INTERPORTCAPITAL
Receivables finance
Alternatives Strategies

Capital Solutions Tied to
Predictable Payment Streams.

Interport Capital evaluates receivables finance opportunities connected to contractual payment streams, invoices, business receivables, and predictable cash-flow obligations. The strategy focuses on structure, verification, counterparty quality, and disciplined execution.

Strategy Overview

Receivables as a private-market finance strategy.

Receivables finance can create structured capital opportunities where payment obligations, counterparty quality, documentation, and collection history can be evaluated with discipline.

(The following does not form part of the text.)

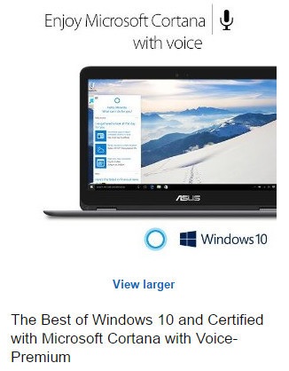 Asus cũng cho biết rằng đây là thiết bị đầu tiên của công ty được "hỗ trợ Microsoft Cortana với Voice-Premium", nghĩa là việc điều khiển bằng giọng nói sẽ hoạt động tốt hơn, trong điều kiện khoảng cách xa hơn và có nhiều tiếng ồn hơn so với các sản phẩm trước đây. Cụ thể, với tính năng này, người dùng có thể điều khiển chiếc máy tính xách tay của mình từ khoảng cách 4 mét trong những môi trường như nhà bếp hay phòng khách.

The strategy sits at the intersection of private credit and operating business finance. It rewards careful analysis of who owes what, when they pay, and how reliably they have paid in the past.

Strategy Characteristics
Short-duration cash-flow profiles
Identifiable payment obligors
Verifiable documentation trail
Repeatable origination
Collateral tied to business operations
Focus Areas

Receivables Categories

0101

Invoice Receivables

Accounts receivable generated through the normal course of business, evaluated for aging, concentration, and obligor quality.

0202

Contractual Payment Streams

Revenue tied to signed agreements, service contracts, subscriptions, or government obligations with defined payment schedules.

0303

Business Cash Flows

Predictable operating revenue from established businesses where historical payment patterns and customer relationships are verifiable.

0404

Trade Receivables

Obligations arising from trade between businesses, including supply chain finance and vendor payment arrangements.

0505

Structured Receivable Pools

Aggregated pools of receivables from multiple obligors, structured to distribute risk and support capital facility sizing.

Evaluation Framework

Due Diligence Criteria

Seven dimensions that inform every receivables finance evaluation.

01
Obligor Quality
Creditworthiness, operating history, and financial stability of the party responsible for payment.
02
Payment History
Historical collection rates, days sales outstanding, and consistency of payment timing across cycles.
03
Documentation Strength
Completeness and enforceability of invoices, contracts, purchase orders, and supporting records.
04
Dilution Risk
Exposure to credits, returns, disputes, allowances, and other factors that reduce the face value of receivables.
05
Servicing Process
Quality of the originator's collections infrastructure, billing systems, and payment processing workflow.
06
Legal Enforceability
Validity of assignments, perfection of security interests, and jurisdictional considerations for collection.
07
Collateral Coverage
Ratio of eligible receivables to facility size, advance rates, and availability reserves under the borrowing base.